Incorporating Side Information:
- Load side information (e.g., gene or disease features) and normalize using the Frobenius norm.
- Integrate side information into the training process to enhance predictions.
Model Training:
- Train matrix completion models on the train split of $O_1$, using side information.
- Compute the Root Mean Squared Error (RMSE) during training as a measure of model performance.
- Repeat training across six random splits to yield six independent models, $M_i \quad \forall i \in \set{1,2,3,4,5,6}$.
Matrix Completion:
- Use the trained models to generate the completed matrix, generating six predicted matrices ($\hat{O_i} \quad \forall i \in \set{1,2,3,4,5,6}$) with floating-point scores.
- Aggregate the six matrices using a mean operation to produce $\bar{O}$ (averaged matrix).
Model Testing and Ranking:
- Rank genes for each disease (columns of $\bar{O}$) based on the predicted scores.
- Assume missing values are zeros for ranking purposes.
- Use only positive associations from the test set for evaluation. For each disease, highly ranked genes in $\bar{O}$ should correspond to true positive associations.
Evaluation and Metrics:
- Compute ranking metrics to assess the quality of predictions, focusing on the ability of the model to rank true positive associations higher.
- Metrics are aggregated across the six splits to ensure robustness.

Dataset Generation

The above procedure describes the general approach. However, the reference paper uses two datasets, OMIM1 and OMIM2, respectively named $O_1$ and $O_2$. The procedure for $O_2$ differs in the following way:

Subset Relationship: $O_2$ is a subset of $O_1$.
Model Generation: For $O_2$, models are generated using an N-Fold cross-validation approach, rather than the N random splits used for $O_1$.

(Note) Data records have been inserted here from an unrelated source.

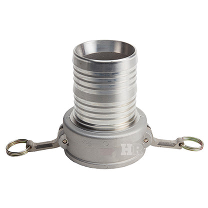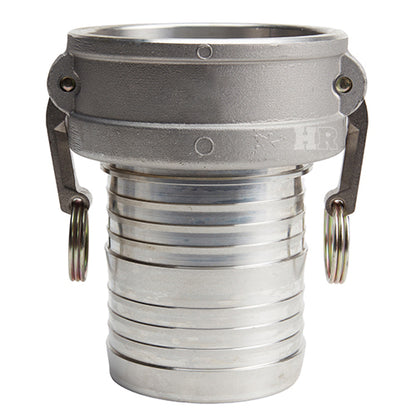 Global Jump Size type "C" aluminum 4 inch female camlock (Cam & Groove) coupler to 3 inch hose shank.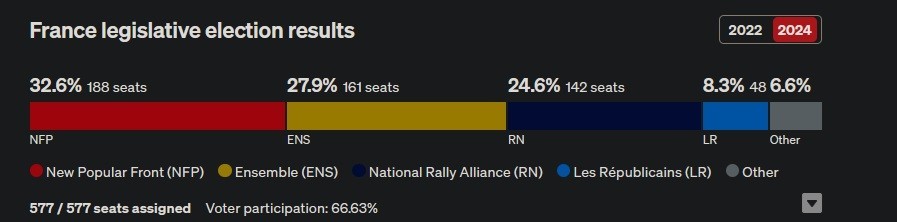 Το αποτέλεσμα, όμως, άφησε το γαλλικό κοινοβούλιο χωρίς προφανή υποψήφιο πρωθυπουργό και χωρίς κανένα κόμμα να είναι σε θέση να σχηματίσει κυβέρνηση.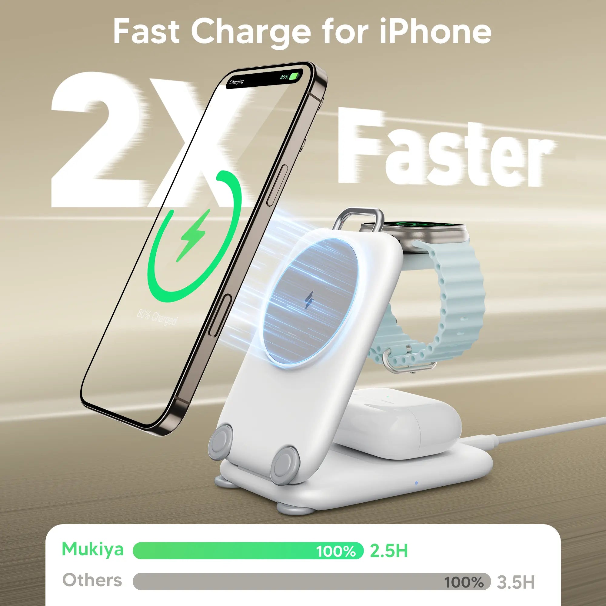 Supports simultaneous charging for iPhone and Apple Watch with magnetic alignment for secure connection.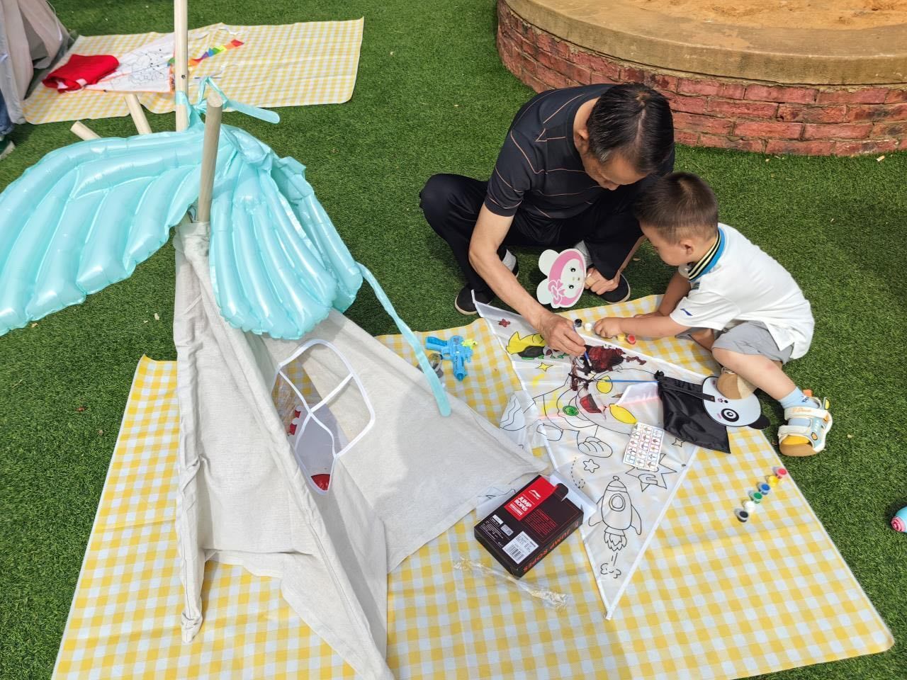 帐篷绘制完毕,孩子们意犹未尽,社工又为孩子们准备了手绘风筝,图案有雄伟壮阔的天安门,有徐徐流动的长江水,还有搏击长空的雄鹰。孩子们手握转轮,社区工作人员、居民与社工搭线引航,像为孩子成长之路保驾护航,风筝在天空飘动,像孩子们的理想自由翱翔。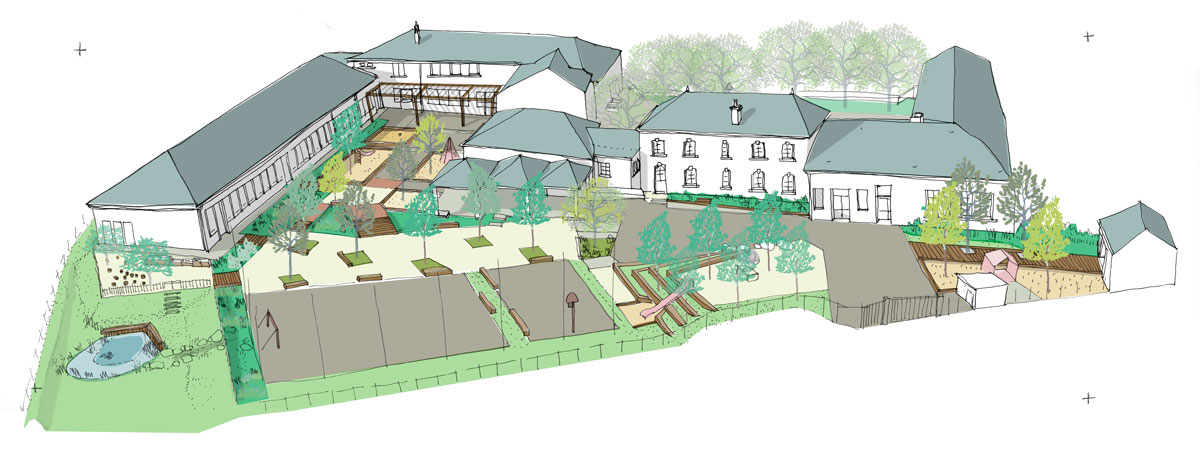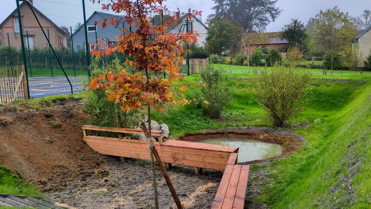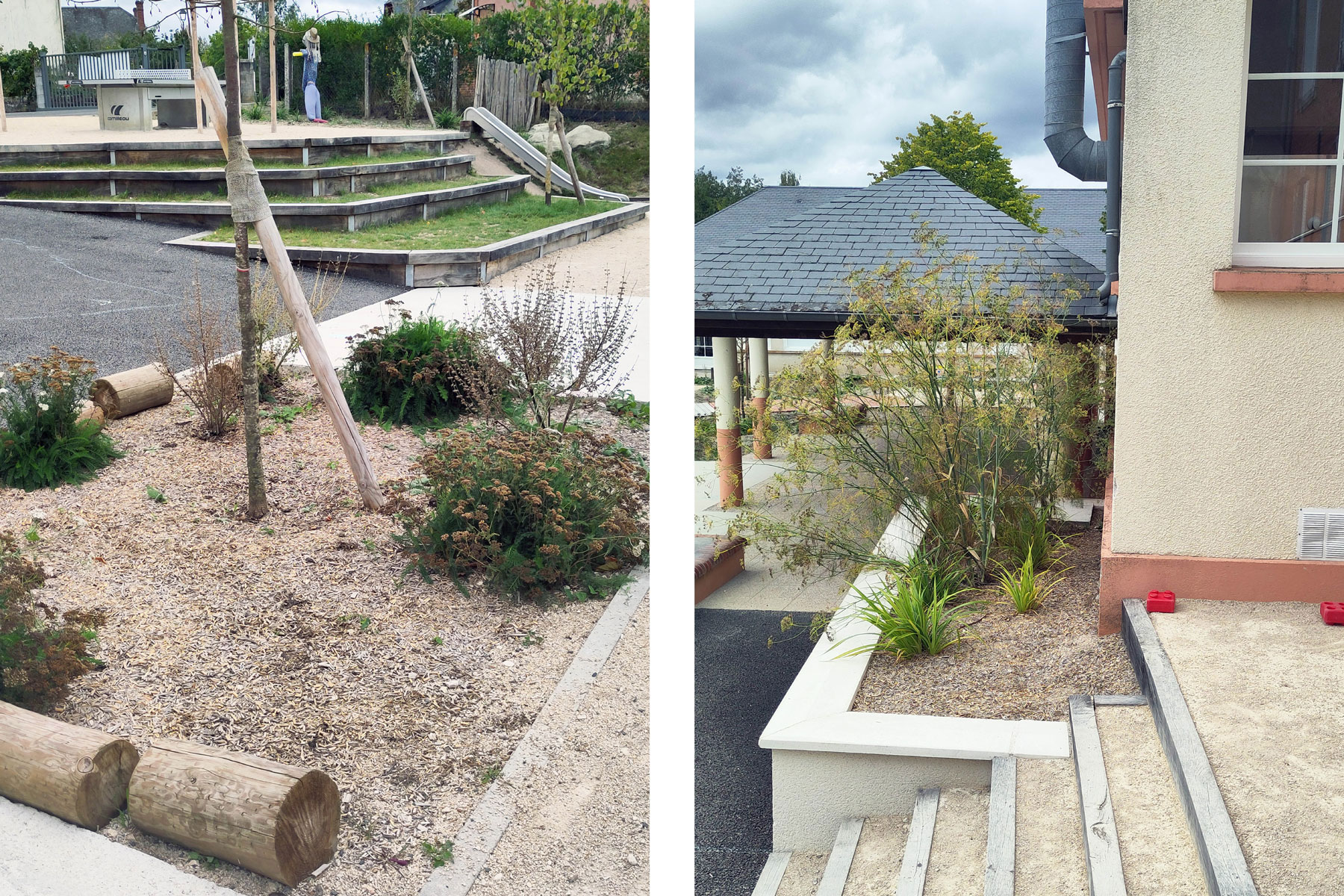 Le projet prévoit entre autre la désimpérméabilisation d’une grande partie des sols et la déconnexion d’une grande partie de la cour, la création d’une mare, la plantation d’une trentaine d’arbres, la gestion d’un dénivelé important et la création d’espaces ombragés et calmes.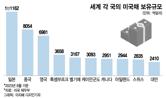 중국의 미국 국채 보유 규모는 2019년만 해도 1위였으나 계속해서 국채를 팔면서 일본에 이어 2위로 하락했다. 지난 8월말 기준, 일본이 1조1162억달러로 1위를 차지했으며 중국은 8054억달러로 2위다. 3위 영국(6981억달러)보다는 1073억달러 많은 규모다.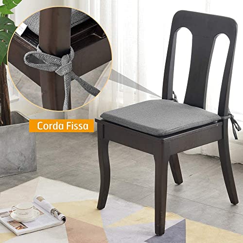 Set di 4 Cuscini Sedie Cucina con Lacci per Interni ed Esterni 40 x 40 x 3 cm Cuscino per Seduta da Pavimento (Grigio, 4)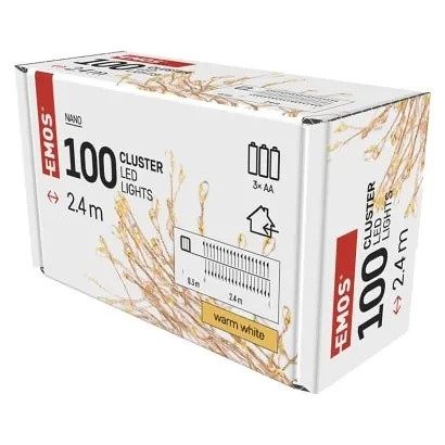 EMOS LED vánoční nano řetěz – ježek, 2,4 m, 3x AA, vnitřní, teplá bílá, časovač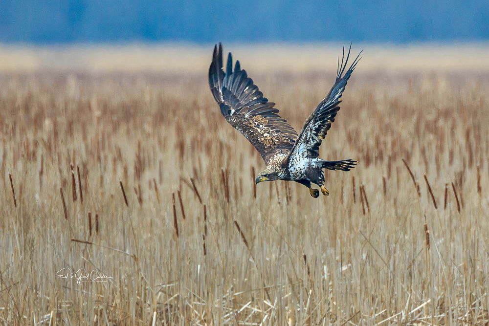 A nice in-flight capture, Ed. I’m thinking a slight proportional crop on bottom and right would provide a less centered composition and also enlarge the bird for more detail. It would also remove some of the broken grasses on the bottom.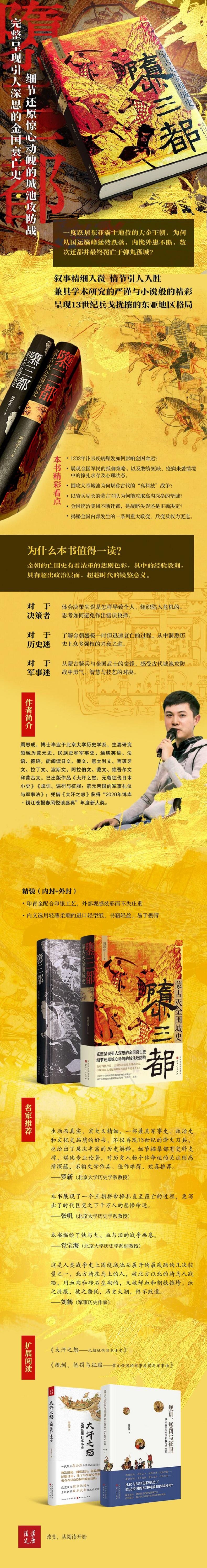 12世纪,发祥于东北一隅的女真族迅速崛起,建立大金王朝,一度跃居东亚霸主地位。这个政权在极短时间内灭亡辽国,令西夏和高丽俯首称臣,使北宋蒙受“靖康之耻”。然而自1211年蒙古军队南下侵袭开始,二十多年间,金国接连丧师失地,抵抗运动中心被迫从中都先后迁到汴京、蔡州,最终在蒙古和南宋军队的夹攻中覆亡。本书以蒙金战争期间几场重要的“围城战”为主线,还原了几场关键大型战役中双方军事布局和交战历程,揭秘了金国内部发生的一系列重大政变、兵变及权力更迭,展现了中都、汴京等城市被蒙古军围困期间,金国军民的抵御策略,以及物资短缺、疫病来袭情境中的挣扎求存及心理状态。作者以通俗晓畅的笔法完整呈现了金王朝从组织抵御、负隅顽抗到君死国亡的全过程,金朝的治乱兴衰之缘由寓于叙事之中。外部面临新兴势力的冲击,境内自然灾害频繁,而统治集团权力斗争导致人祸不断,君主又缺乏力挽狂澜的雄才大略……种种因素使得金国国势日益窘困,......
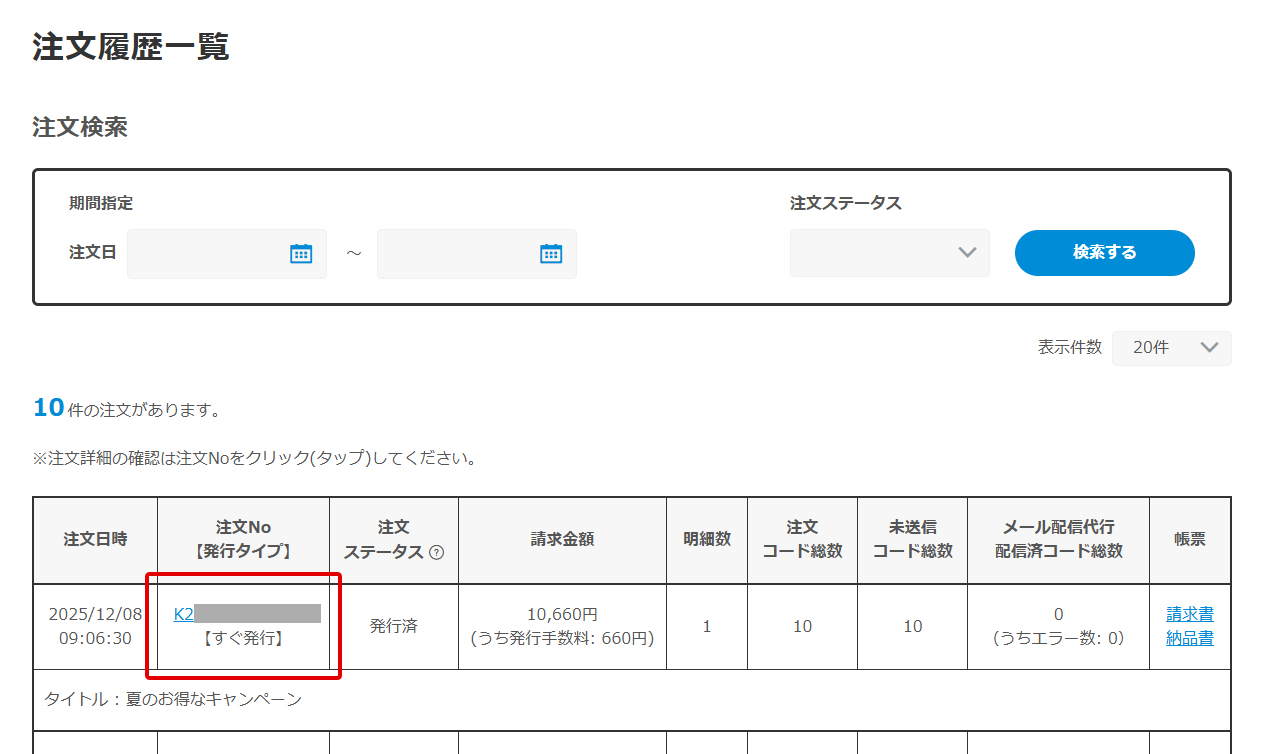 | メール配信日時 | 電子メール配信代行サービス利用時のみ、配信日時が記載されます。 |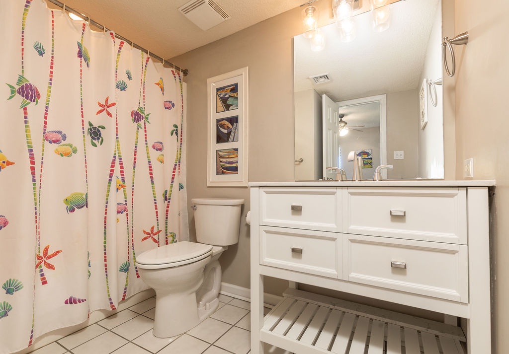 All three bathrooms are updated with modern fixtures and fresh towels, ensuring comfort for all guests.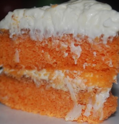 Mix the box of orange jello with the boiling water. When thoroughly mixed, pour it over the cake; refrigerate.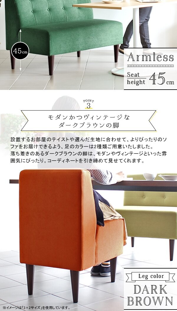 ソファ アームレスソファ ダイニングソファ 2人掛け 二人掛け おしゃれ 北欧 コンパクト シンプル カフェ Lunch 3×5アームレス/脚DB □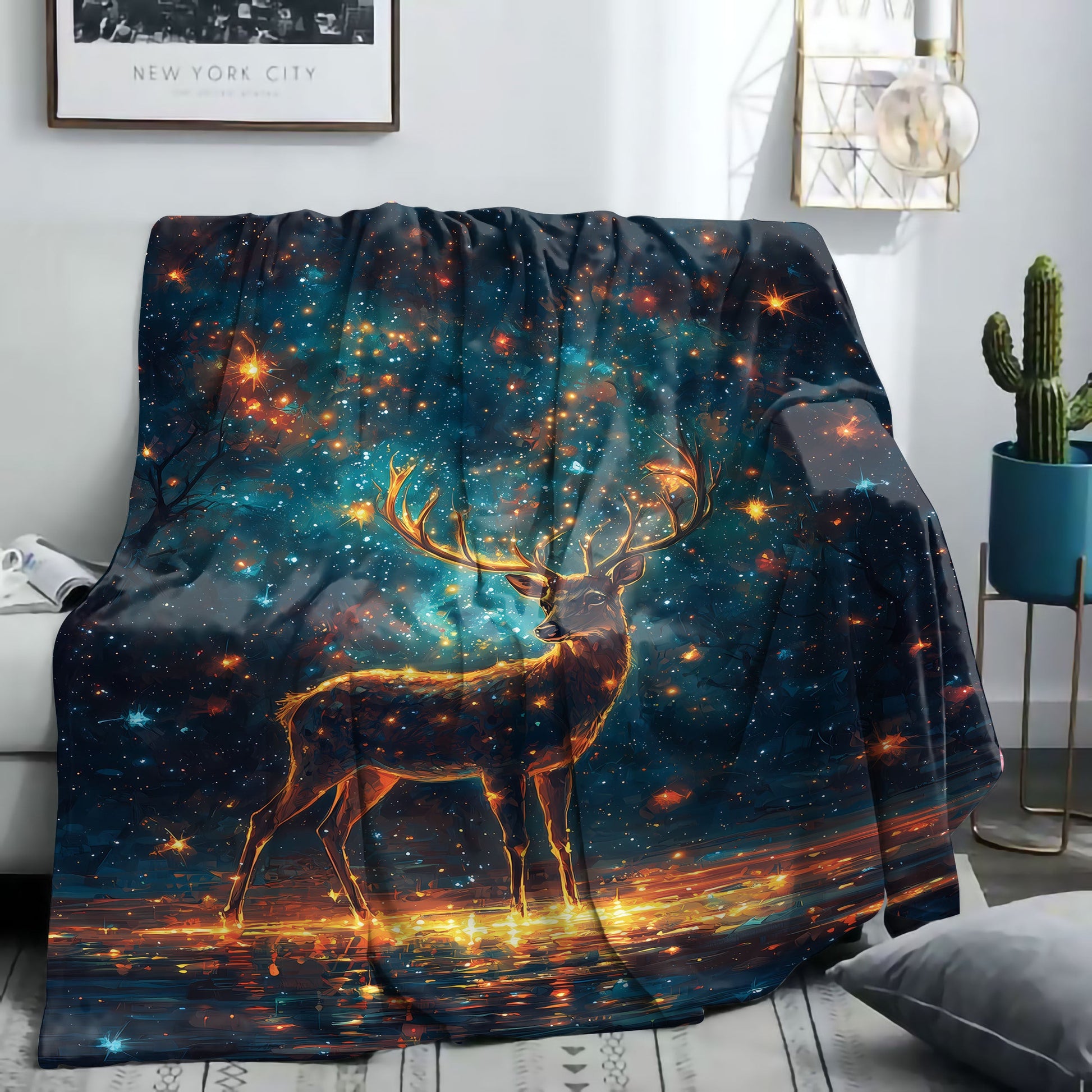 Starry Sky Deer Print Flannel Blanket All-Season Cozy Throw for Bed Sofa Camping
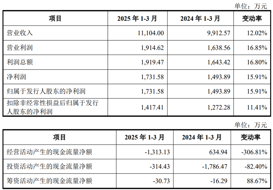 2025年1-3月,山大电力的营业收入为11,104.00万元,同比增长12.02%;净利润/归属于发行人股东的净利润为1,731.58万元,同比增长15.91%;扣除非经常性损益后归属于发行人股东的净利润为1,417.41万元,同比增长11.41%;经营活动产生的现金流量净额为-1,313.13万元。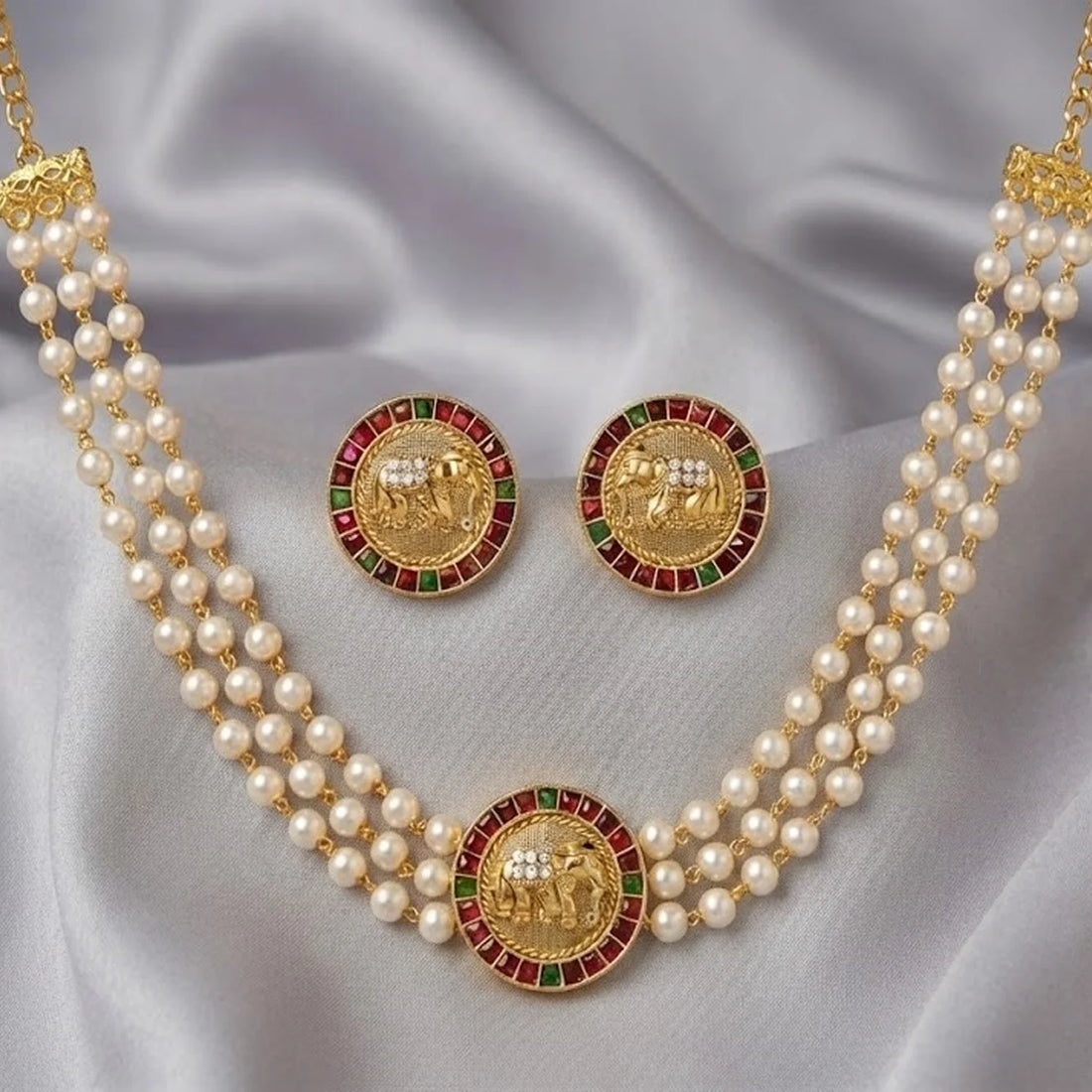 Elephant Pearl Gold Plated Choker Set with Stud Earrings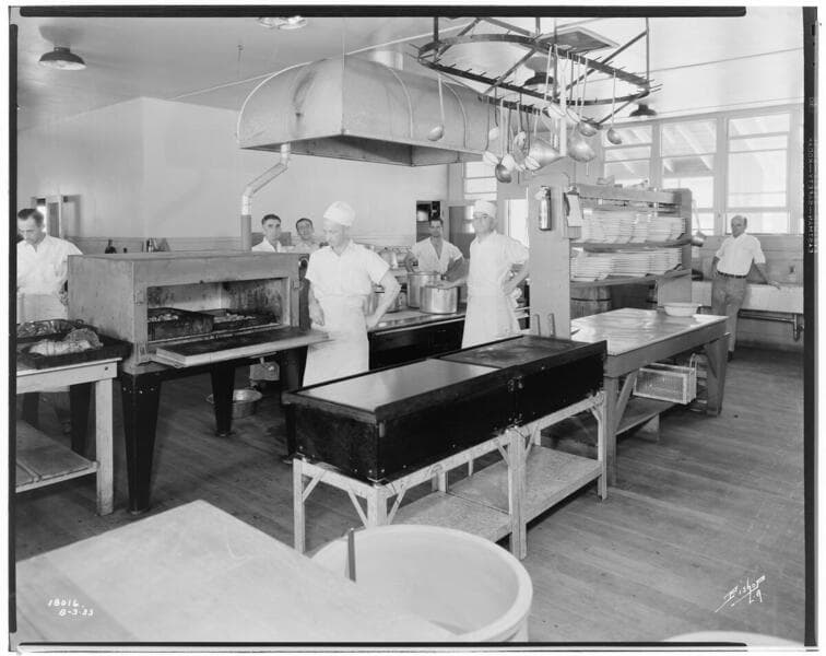 H1.2 - Heavy Duty Cooking - Metropolitan Water District - Camp Fargo - Kitchen in mess hall. [with kitchen staff].

OMIM1 Dataset Construction

Input:

Gene-disease DataFrame: $d$
Number of splits: $N$
Sparsity factor $\alpha$, the ratio of 0s to 1s.

Output:

Unified sparse matrices: $O_{1_{i}} \quad \forall i \in {1, N}$
Combined splits: $S_{1_{i}} \quad \forall i \in {1, N}$

Procedure:

Convert $d$ into a sparse matrix $O_{1_{1s}}$.
Sample $N$ zero matrices $O_{1_{0s, i}}$ from $O_{1_{1s}}$ using $\alpha \quad \forall i \in {1, N}$.
Combine $O_{1_{1s}}$ and $O_{1_{0s, i}}$ into unified matrices $O_{1_{i}} \quad \forall i \in {1, N}$.
Split $O_{1_{1s}}$ indices randomly into subsets $S_{1_{1s}}$.
Split $O_{1_{0s, i}}$ indices randomly into subsets $S_{1_{0s, i}} \quad \forall i \in {1, N}$.
Merge splits from positive ($S_{1_{1s}}$) and zero ($S_{1_{0s, i}}$) samples into $S_{1_{i}} \quad \forall i \in {1, N}$.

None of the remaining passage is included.